Still, as a rookie big leaguer in 1984, he weighed only 175. "You look pretty strong," Reggie Jackson said at their first meeting. "You hit the long ball?"
"No, I don't, Mr. Jackson. I'm just a base-hit hitter."
Puckett had no home runs that year and only four the next. But he kept on expanding his thews and worked on pulling the ball, and in his third season he displayed 31-homer power.
He has always had speed, but scouts questioned his arm—conventional wisdom says chunky players are too tight in the shoulder to be great throwers. So he pushed himself to stretch the shoulder out, and now he has a rifle.
Drive can get on people's nerves. But Puckett has channeled his tenacity into an almost uncanny geniality. "You can be having a bad day," says Knoblauch, "and he smiles and laughs and tries to get you going, even if he's having a bad day."
The parsimonious Twins cheerfully made Puckett the game's highest-paid player at $3 million 2½ years ago.

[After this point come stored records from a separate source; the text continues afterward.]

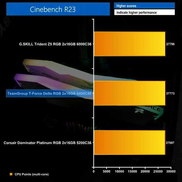Performance in Cinebench R23 nT is basically the same across the board. TeamGroup positions slightly behind G.SKILL, but the numbers are close enough to be considered a draw.
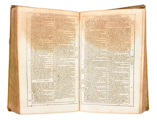 Formato in-8°, mm. 235x140, pp. XX, 738, (2). Completo. Legatura coeva in piena pergamena, difetto al dorso con parte del titolo manoscritto mancante. Antica edizione completa della Sacra Bibbia, impressa in Venezia il 1757 nella tipografia Remondiniana. Antiporta con tavola xilografica, frontespizio stampato in rosso e nero con una vignetta xilografica. Testo latino stampato su due colonne entro cornice. Alcune capilettere e testatine in xilografia nel testo. Presente un indice del volume manoscritto in china antica al risguardo anteriore. Lievi fioriture, e alcune lievi macchie di gora ai margini e nel testo, leggerissimo alone giallo alla parte superiore delle pagine dalla 350 alla pagina 520 circa.
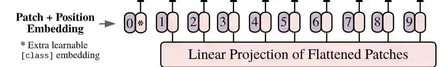 如上图所示1,编号有0-9的紫色框表示各个位置的position embedding,而紫色框旁边的粉色框则是经过linear projection之后的flattened patch向量。文中采用将position embedding(即图中紫色框)和patch embedding(即图中粉色框)相加的方式结合position信息。
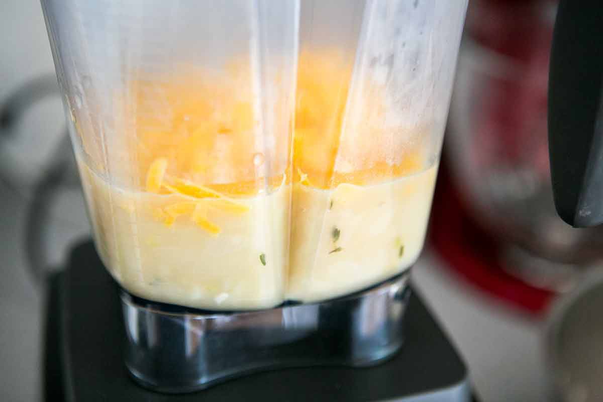 Add a portion of the grated cheddar to the blender bowl as well. (If it takes 3 batches to purée the soup, divide the cheese into 3 portions.)
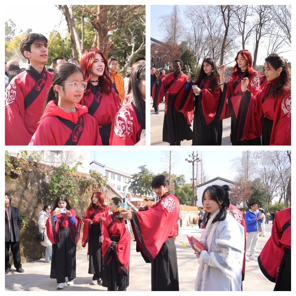 春節(jié)期間,來自浙江師范大學(xué)的10多位留學(xué)生在浙江金華參加了“我在中國過春節(jié)”的體驗項目。他們身著漢服,到金華府文廟,向孔子像行拜師禮,并在新年祈福牌上書寫新年愿景。
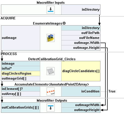 - Add the AccumulateElements filter, connect its input with the DetectCalibrationGrid_Circles output. Drag the output to the Macrofilter Outputs section and name the new macrofilter output CalibrationGrids.
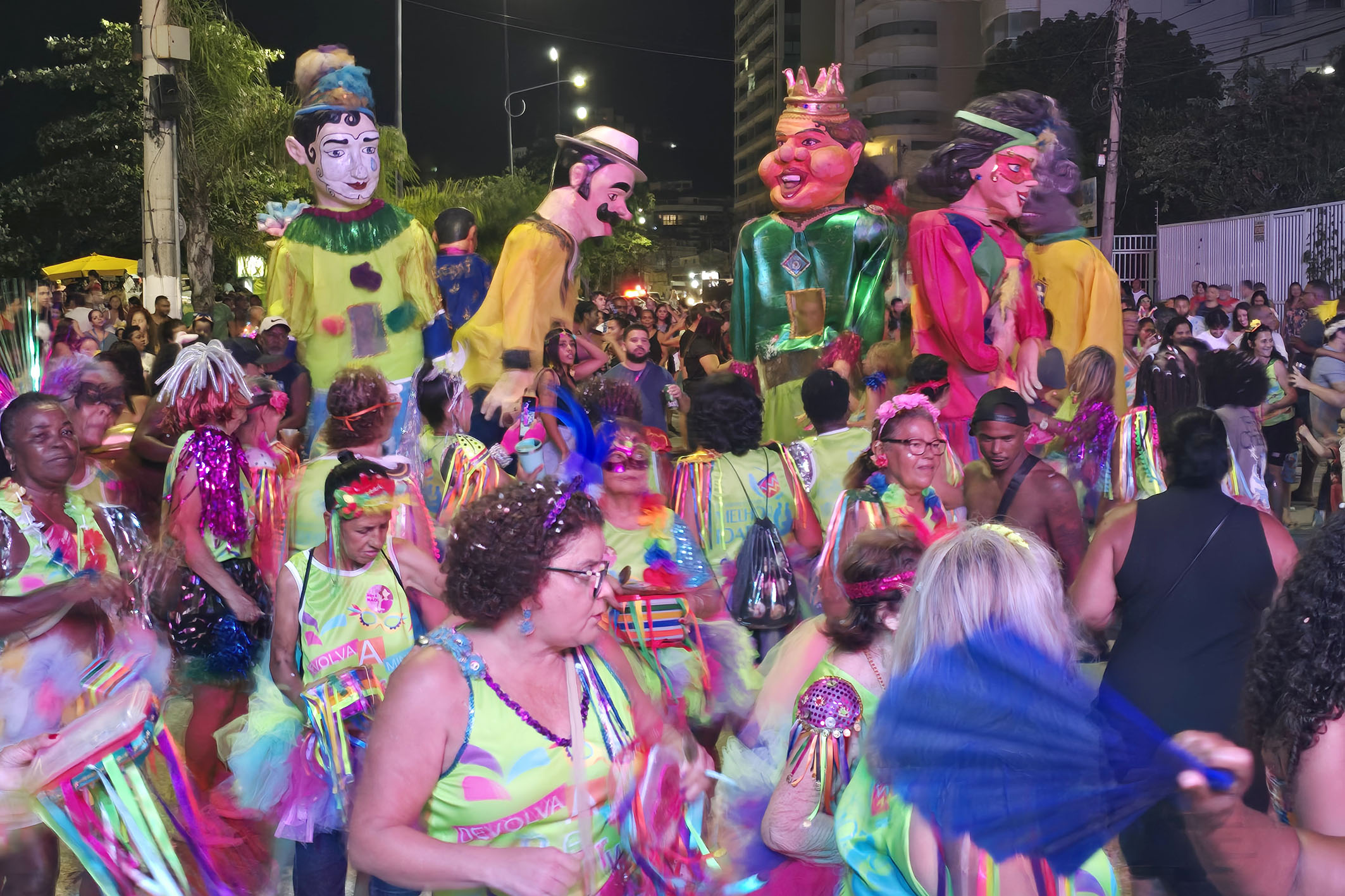 A área da Imbetiba, próxima ao anfiteatro, recebeu o cortejo dos bonecos gigantes, que encantaram a plateia e transformaram o espaço em um verdadeiro espetáculo a céu aberto. Entre registros fotográficos e aplausos, os personagens desfilaram em meio à multidão, ampliando o clima lúdico e festivo da noite. O espaço também contou com o talento do tradicional Bloco do Benê, que trouxe o espírito dos antigos bailes carnavalescos por meio das marchinhas que atravessam gerações. Com fantasias cheias de brilho, paetês, glitter e criatividade, famílias e amigos celebraram o Carnaval em um ambiente de leveza e alegria coletiva. Entre elas estava a educadora Ana Aguiar. “Tudo aqui está lindo. A Imbetiba é um cenário perfeito para o Carnaval. Temos boas memórias e o clima aqui é leve e animado.”
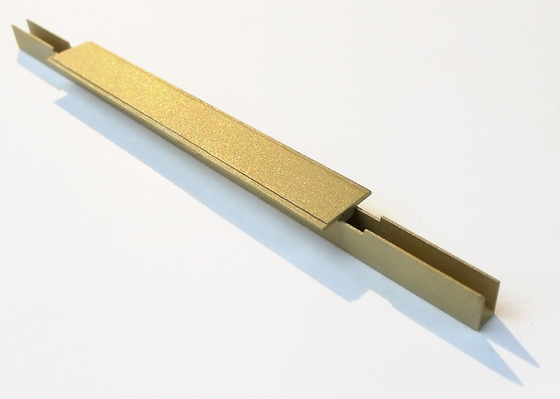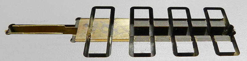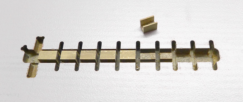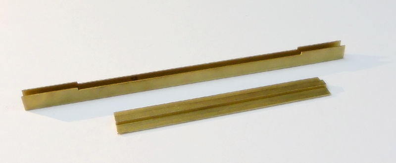 First a 2.7mm wide U-profile with a wall thickness of 0.34mm was milled from a 4.0mm brass plate. Thereby it received a 0.6mm recess for inserting the middle plate.
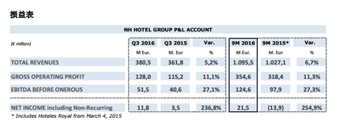 NH酒店集團(NH Hotel Group)發布第三季度財報,延續了公司自上半年以來保持的良好盈利增勢。

Even now that 6'2" second baseman Ryne Sandberg is making more than twice as much, Puckett is still saying things like, "All I ever wanted to do since I was five years old is play this game."
Shakespeare's Puck was a source of merriment but also a lightweight and a pain. Twins general manager Andy Mac-Phail says of his Puck, "He's just the type of guy who makes you smile."
Puck played Cupid. Puckett, like many another little man before him, says it all comes down to heart.